[Python-3000] Addition to PEP 3101

Talin talin at acm.org
Tue May 1 05:06:06 CEST 2007

Greg Ewing wrote:
> Patrick Maupin wrote:
>> Method calls are deliberately disallowed by the PEP, so that the
>> implementation has some hope of being securable.
> If attribute access is allowed, arbitrary code can already
> be triggered, so I don't see how this makes a difference
> to security.

Not quite. It depends on what you mean by 'arbitrary code'.

Let's take a hypothetical example: Suppose I have a format string which 
I downloaded from the nefarious "evil.org" web site which I suspect may 
contain "evil" formatting fields.

Now, I'd like to be able to use this format string, but I want to be 
able to contain the damage that it can do. For example, if I pass a list 
of integers as the format parameters, there is little harm that can be 
done. Even if my evil string contains things like 
"{0.__class__.__module__}" - in other words, even if it spiders through 
the base class list and the MRO list and everything else, there's little 
  damage it can do, because it can't call any functions.

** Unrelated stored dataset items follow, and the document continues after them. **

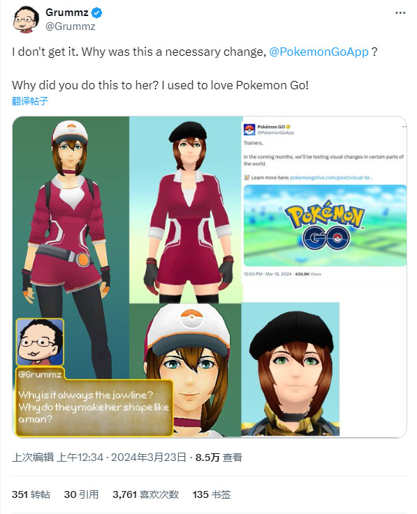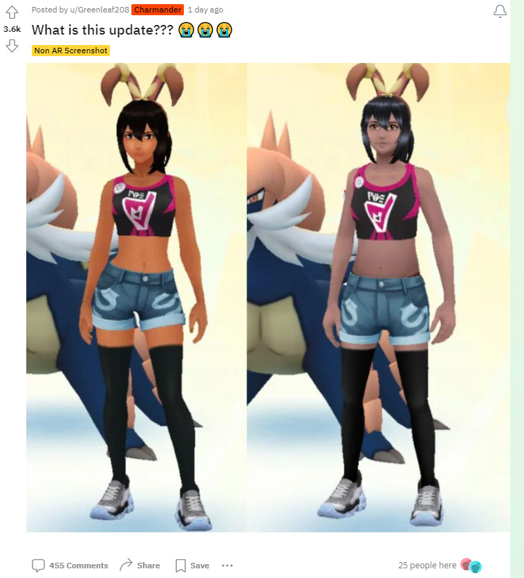 乍听起来似乎是功能更加全面的改动,但Niantic却对角色形象下手,使得角色形象看起来更加符合“正确”标准,不少玩家对此感到愤怒但又无可奈何,因为玩家此前的人物形象也随着本次更新被强制改变。
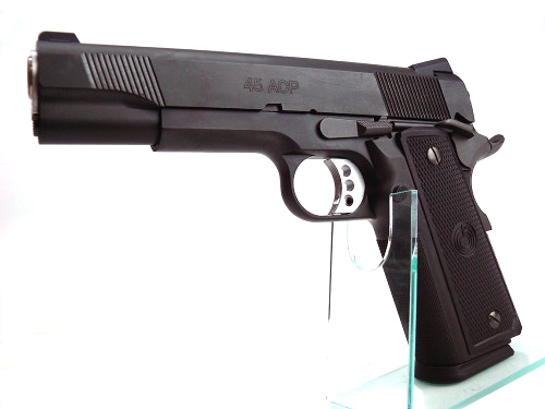 FBIの特殊ユニットH.R.T.に制式採用される、ハイキャップ.45、その名もH.R.T.スペシャル!カーボンブラック塗装で無垢の鉄のような風合いを再現している。
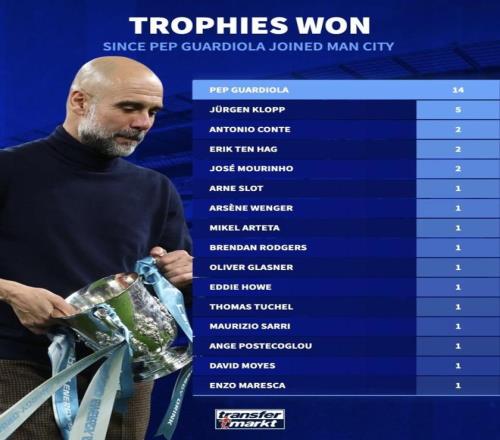 在競(jìng)爭(zhēng)最激烈的英超,這種統(tǒng)治力非常難得。阿森納、利物浦、切爾西和曼聯(lián),這些年誰(shuí)都沒少砸錢,誰(shuí)都想沖冠,但真正能保持年年?duì)幑凇ⅹ?jiǎng)杯不斷的,到頭來(lái)還是只有瓜迪奧拉。
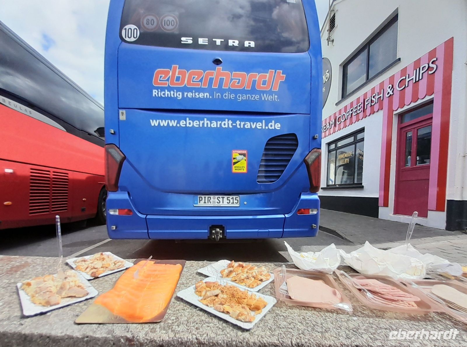 Wer weit reisen möchte, muss früh aufstehen – so oder so ähnlich könnte das Motto jeder Reise auf die britischen Inseln lauten. Schon vor drei Uhr morgens verlässt der Eberhardt-Reisebus den Betriebshof in Kesselsdorf und trifft wenig später zum ersten Zustieg in Siebenlehn ein. Über Chemnitz und Teufelstal geht es dann mit 16 Reisegäste weiter über A4 und A3 in Richtung der Niederlande. Durch den üblichen Stau geht es streckenweise etwas langsam voran, doch letztendlich erreichen wir pünktlich den Fährhafen von Amsterdam in Ijmuiden.
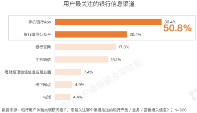在对银行数字化银行渠道的调研发现,银行手机APP越来越成为用户办理银行业务的主要渠道。同时,通过对市场份额较高的20家银行APP数量进行统计发现,共中17家银行拥有2个或2个以上的APP,报告认为,数量繁多的APP无形中增加了用户的认知和操作负荷。“无需多个App,要明确手机端主战场,整合全渠道提升用户体验。”受访者普遍表示。

Now, lets suppose that somewhere in the set of objects that are 
transitively reachable from those parameter values, there's an object 
which has an attribute such that accessing that attribute deletes my 
hard drive or has some other bad effect. Obviously this would be bad. 
Bad because my hard drive was deleted, sure, but even worse because I'm 
an idiot for writing such a stupid class in the first place.

I know that's a bit over the top, but what I mean to say is that in the 
normal course of events, one can assume that attribute accesses are 
either stateless, or should at least *seem* to be stateless from the 
outside. It's considered bad form to go around writing classes where the 
mere access of an attribute has some potentially deleterious effect. 
Anyone who writes a class like that deserves to have their hard drive 
deleted IMHO.

So the judgment was made that it's relatively safe to access attributes 
(even if they can be overloaded), whereas allowing method invocations is 
much less safe.

So yes, theoretically attribute access can indeed run arbitrary code. 
But not in a world with mostly sane people in it.